Switch to SonicWall for modern, integrated endpoint protection and breach prevention designed for today’s hybrid environments.

Frustrated trying to protect your entire organization with solutions from an endpoint-focused vendor? Don’t settle for a collection of siloed, loosely synchronized point products.

Make the move to a comprehensive security portfolio - from a network security pioneer - with end-to-end breach prevention and malware protection across your endpoints and wired, wireless and mobile networks.

To find out more go to https://www.sonicwall.com/en-us/lp/switch-to-sonic...

About Phishing Emails

Okay, so most of us know something about phishing emails.

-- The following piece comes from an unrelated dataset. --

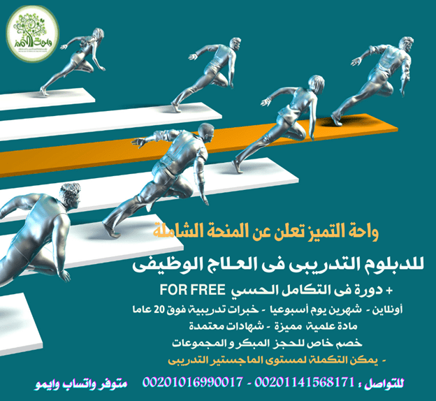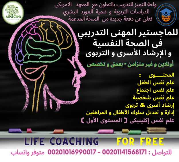أقوى دبلوم فى العلاج بالفن التشكيلى .. أونلاين واحة التميز Art Therapy Diploma انضم للمنحة الشاملة الأقوي فى الوطن العربى للدبلوم التدريبي في العلاج بالفن التشكيلي أونلاين حصريا من واحة التميز للتدريب مصر المدة شهرين يوم أسبوعيا ، اليوم به محاضرتين يوميا بينهما بريك المدربة متخصصة وممارسة للعلاج بالفن : ماجستير و دكتوراة أكاديمية ، على مستويات متخصصة مهنية و أكاديمية عليا خبرة تصل إلى 20 عاما من التخصص والعمل الأكاديمي و المهنى ، فى مستشفيات كبرى في العلاج السلوكي و علاج الإدمان و تأهيل ذوي الاحتياجات الخاصة . بادر بالانضمام بخصم لن يتكرر يصل إلى 50% لفترة محدودة ينتهى بعد 10 أيام من الآن و يمكن تأكيد الحجز بالنصف و الباقى خلال شهر : الاشتراك بعد الخصم للمصريين 2445 ج الاشتراك للإخوة العرب بعد الخصم 1049 ريال أو 279 $ تُعرف الجمعية البريطانية للمعالجة بالفن العلاج بالفن بأنه : هو شكل من اشكال العلاج النفسي الذي يستخدم الفن كوسيلة أساسية للتواصل. ويمارسه كلا من المؤهلون والمسجلون والمعالجون الذين يعملون مع الأطفال والشباب والبالغين وكبار السن العملاء الذين يمكنهم الاستفادة العلاج بالفن ربما يكون لديهم مجموعة واسعة من الصعوبات والإعاقات أو التشخيص. وهذا يشمل على سبيل المثال مشاكل الصحة العاطفية والسلوكية أو النفسية ، والتعلم أو الإعاقة الجسدية ، وظروف الحد من الحياة وإصابة الدماغ الظروف العصبية والأمراض الجسدية. يمكن تقديم العلاج بالفن للمجموعات أو الأفراد اعتمادا على احتياجات العملاء. لا يعتبر نشاط ترفيهي أو درس الفن وعلى الرغم من ذلك فان جلساته ربما تكون ممتعة. لا يحتاج العملاء إلى أي خبرة سابقة أو اطلاع في الفن . باعتماد دبلوم تدريبى من المعهد الامريكى للداسات التربوية و تنمية المورد البشرى AMERICAN INSTITUTE FOR EDUCATIONAL STUDIES AND HUMAN RESOURCE DEVELOPMENT و بشهادة دبلوم تدريبي من واحة التميز للتدريب مصر و كارنية عضوية من واحــــــة التمــــــيز للتــــــدريب خصم خاص للحجز المبكر و للمجموعات على مدى شهرين يوم أسبوعيا بمجموع 8 أيام مكثفة .. يمكن التكملة لمستوي أعلى للمتميزين فقط البيدج الرئيسى لواحة التميز للتدريب على فيسبوك : https://bit.ly/2KdZv6C استمارة الحجز الأولي : https://cutt.us/2GZu7 الموقع الالكترونى لواحة التميز للتدريب : http://wahaacademy.org/ للحجز 00201141568171 - 001016990017 متوفر واتساب وايمو وفايبر https://i.suar.me/oy8LP/l محاور الدبلوم التدريبي : مقدمة عن العلاج بالفن أهداف العلاج بالفن وطرق التدريب عليه تحليل لنماذج من رسوم وأنشطة فنية للأطفال تأثير العلاج بالفن علي الأطفال تحليل الشخصيات من خلال الرسومات الهندسية وتأثيرها النفسي تحليل الشخصيات من خلال الرسم ومكانها علي الورق طرق استخدام القلم اختبار رسم الأسرة المتحركة الدلالات النفسية لرسومات الأطفال مواصفات حجرة العلاج بالفن العلاج بالفن وحالات أعراض نقص الانتباه وطرق علاجها بالفن تحليل لرسومات أطفال نقص الانتباة مع عرض لجلسات العلاج بالفن للاطفال العلاج بالفن وحالات التوحد Autism فوائد العلاج بالفن لأطفال التوحد تحليل رسوم لأطفال التوحد متلازمة داون العلاج بالفن مع متلازمة الداون تحليل لرسومات أطفال الداون مع عرض لأعمالهم مقدمة عن الألوان تأثير الألوان ودورها النفسى علي الإنسان ماهو العلاج بالألوان (اللون وتأثيره النفسى في العلاج) تحسين الصفات الشخصية بالرسم الاختبارت الإسقاطية معني الإسقاط في الفن أنواع الاختبارات الإسقاطية ( المنزل والشجرة والشخص ) اختبار H T P تحليل نماذج من رسومات الأطفال للاختبار عرض لورش عمل مع الأطفال تعريف باختبار Cat وتحليل الرسومات اختبار بقع الحبر وتحليل الصور عرض جلسات عمل للأطفال وطريقة تحليل الاعمال الفنية والرسومات المحاضرة المتخصصة و يمكنك الاشتراك أيضا في البرامج التدريبية التالية يمكن الحجز بسداد نصف الرسوم و الباقى خلال شهر يمكن الحجز من خلال حوالة بريدية أو بنكية أو ويسترن يونيون و إرسال صور الأوراق. للتحويل للتحويل من

We’ve been warned many times about how criminals use emails that look almost exactly like the real thing to get us to click on a link that allows them to capture sensitive password information.

We know that we should never click on a link provided in an email. If the link is legitimate, you can access the same information by going through the company’s actual web address that you looked up yourself, and then signing in from there.

If it’s a real email from the company concerned, there’s no harm. If it is a malicious email, at least you’re not putting yourself at risk.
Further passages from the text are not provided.